災害が起きたとき、子どもが学校にいる状況は、保護者にとって最も不安が大きい場面の一つです。
「迎えに行くべき?」「学校はどう動く?」「連絡が取れない」
迷いが判断を遅らせます。
被災地派遣の現場でも、迎えに向かう途中で危険に遭うケースや、学校と保護者の連絡が錯綜する場面を見ました。
子ども防災は“迎えに行く準備”ではなく“迎え判断の型”を持つことが重要です。
この記事では、初心者でも作れる連絡網と迎え判断の基本を整理します。
■① まず確認|学校の引き渡しルールを知る
最初にやることは、学校の方針を把握することです。
・引き渡し基準(震度・警報)
・待機場所
・保護者確認方法
・連絡手段
学校のルールを知らずに動くと混乱が増えます。
まずは“学校の決まり”を知ることが出発点です。
■② 迎え判断は「基準を1つ」に絞る
迷いを減らすには、基準を固定します。
・震度〇以上で迎え
・学校から連絡があったら迎え
・安全が確認できない場合は迎えない
基準を1つに絞るだけで、焦りが減ります。
■③ 連絡網は「学校→保護者→家族」の三層構造
連絡は一本では不安定です。
・学校公式連絡
・保護者同士の連絡
・家族内共有
三層構造にすると、どれかが止まっても情報が届きます。
■④ 子ども自身に「行動ルール」を伝えておく
保護者の準備だけでは不十分です。
・勝手に帰らない
・先生の指示に従う
・保護者が来るまで待つ
・知らない人についていかない
シンプルな4つで十分です。
長い説明は不要です。
■⑤ 迎えに行く場合の安全確認
迎えは命を守る行動であって、無理をすることではありません。
・道路状況
・余震
・津波・洪水警報
・夜間視界
無理に移動して二次被害に遭わないことが最優先です。
■⑥ 実際に多かった誤解
防災士として感じたのは、「すぐ迎えに行かないと危険」という思い込みです。
学校は基本的に安全確保を優先します。
迎えが早いほど安全とは限りません。
基準で動くことが安全を上げます。
■⑦ 持ち物は“最低限”でいい
迎え時の持ち物は多くなくて構いません。
・ライト
・水分
・連絡手段
・歩きやすい靴
過剰装備は移動を遅らせます。
■⑧ 今日からできる最小行動
・学校の引き渡し基準を確認
・迎え基準を家族で1つ決める
・保護者連絡先を整理
・子どもに4つの行動ルールを伝える
・通学路を一度確認する
これで「何から始めればいいか分からない」は解消します。
■まとめ|子どもの迎え準備は「基準を1つ決める」だけで迷いが減る
子どもの学校防災は、学校の引き渡しルールを把握し、迎え基準を1つに固定することが最重要です。

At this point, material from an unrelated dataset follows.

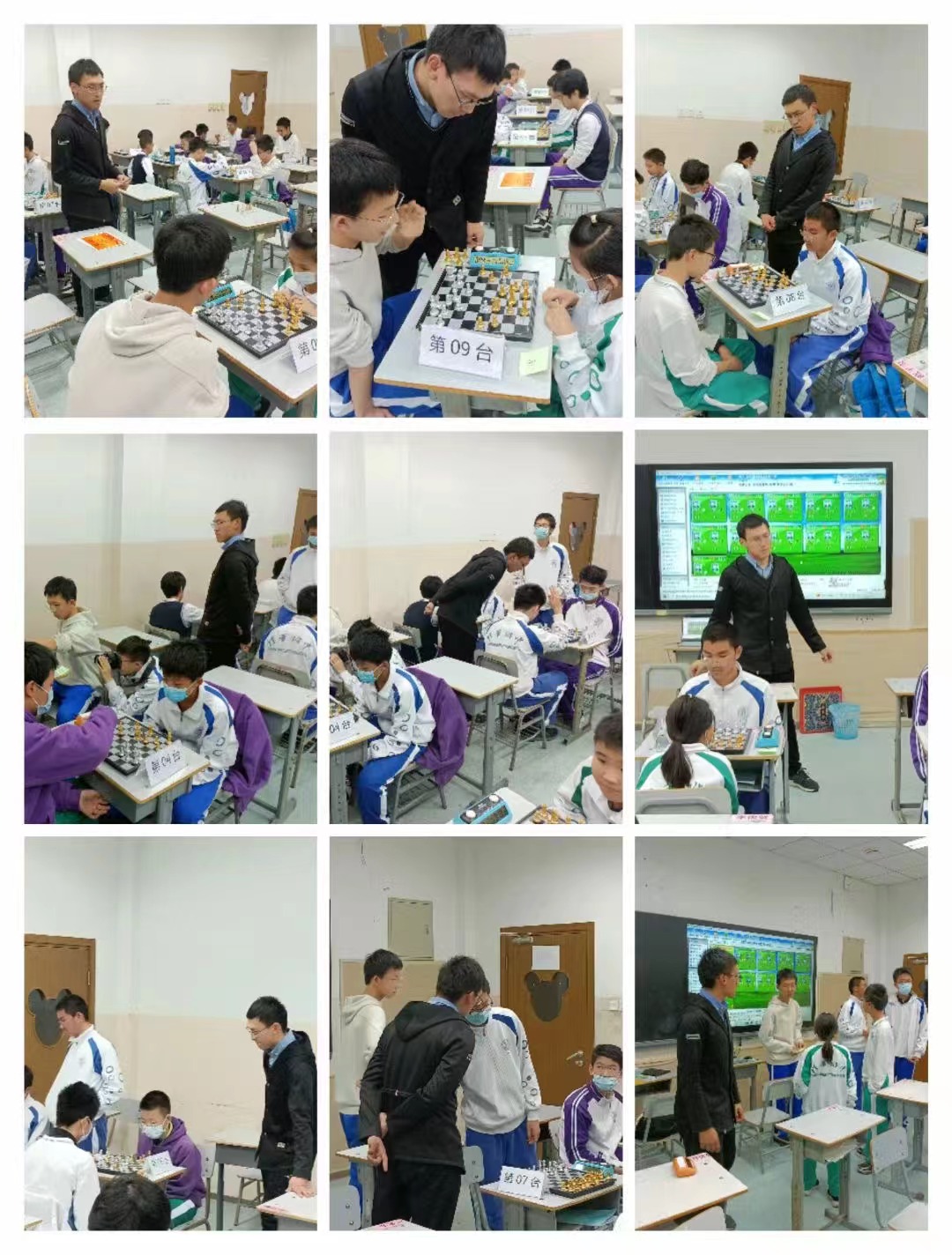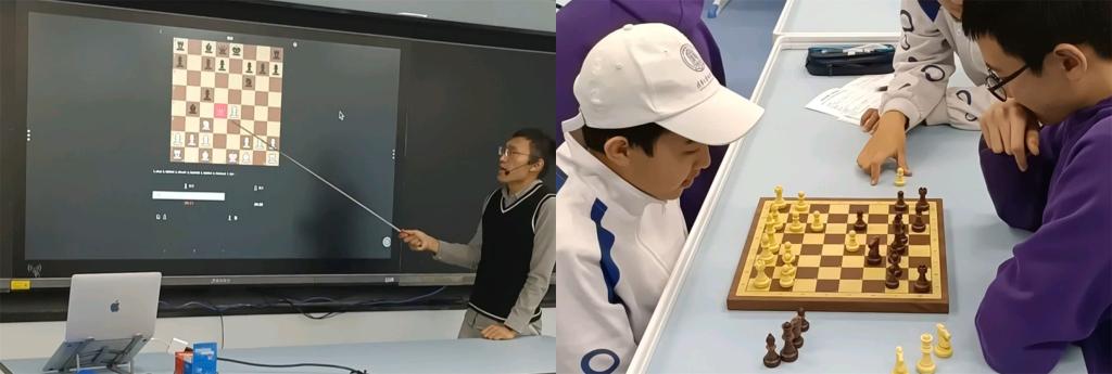 左起:社团活动期间,学生使用电子棋盘chessnut对弈,赵晨光老师正在同步讲解;初2406班缪博约(执白)对弈初2314班宗睿言(执黑)

連絡網は三層構造にし、子ども自身にもシンプルな行動ルールを伝えることで混乱が減ります。
無理に急ぐより、安全確認を優先する方が結果的に子どもを守れます。
結論:
子ども防災は「迎え基準を1つ決める」ことが最大の安心につながり、焦りによる危険行動を防ぐ。
被災地派遣の現場でも、事前に基準を持っている家庭ほど動きが落ち着いていました。
防災士として、判断を固定することが一番の備えだと考えます。